Bila dihayati secara mendalam, rupanya ceritra gugurnya Duryadana ini merupakan asal dari Caru Pancasata, sebab itu dipakai lima orang putera-putera Panca Pandawa , bila disimak secara mendalam dari penghayatan itu, dapat diambil suatu kesimpulan bahwa yang sepatutnya menjadi kurban itu adalah anaknya manusia, tetapi karena caru itu kemudian dikorbankan oleh manusia , rupanya kurban caru itu bisa diganti dengan binatang .

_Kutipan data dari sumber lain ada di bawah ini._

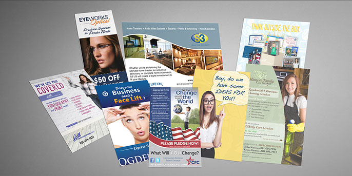These brochures, rack cards, postcards, and magazine ads were designed to promote products and services, sales, and special events. These are designed and printed at different sizes and on different paper types. These designs were used in direct mail and marketing campaigns.
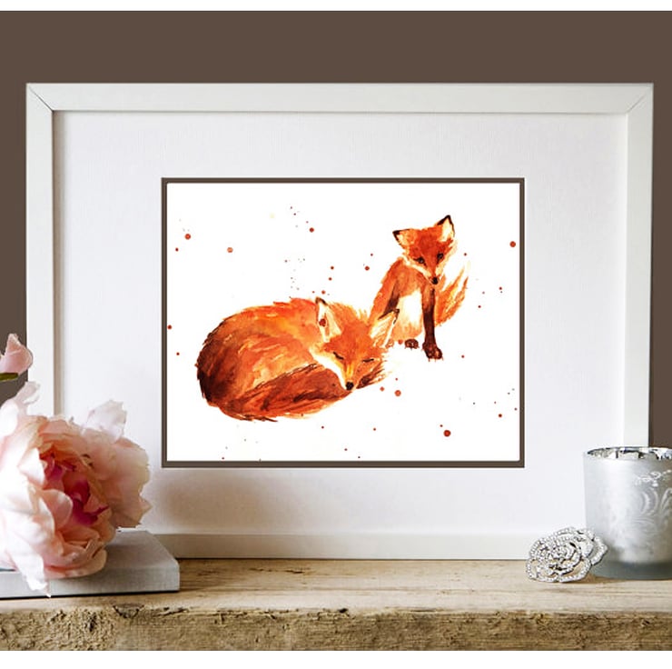 Watercolour Fox Mother & Baby Print - 8x10 inches - £18 - landscape format - frame ready

Jadi dalam sarana upakara / banten caru itu korbannya diganti dengan binatang , dan untuk membuktikan bahwa semestinya kurban caru itu adalah manusia, dengan dipergunakannya sarana "sengkwi wong-wongan", yaitu berupa anyam-anyaman dari daun kelapa sebagai gambaran dari kerangka manusia yang dipergunakan sebagai alas / dasar banten pada binatang kurban yang dipakai caru, binatang yang dijadikan kurban tidak boleh sembarangan, adalah binatang-binatang piaraan, yang sudah menjadi anggota keluarga dari manusia dalam hidupnya, sehingga sudah dihinggapi dengan rasa kasih sayangnya, kurban ini selain berdasarkan kasih sayang, juga sebagai tanda bukti kesungguhan hati manusia untuk berkorban atau beryadnya dan pada umumnya yang dipakai adalah yang masih tergolong muda (sedang disayangi oleh pemiliknya serta belum ternoda).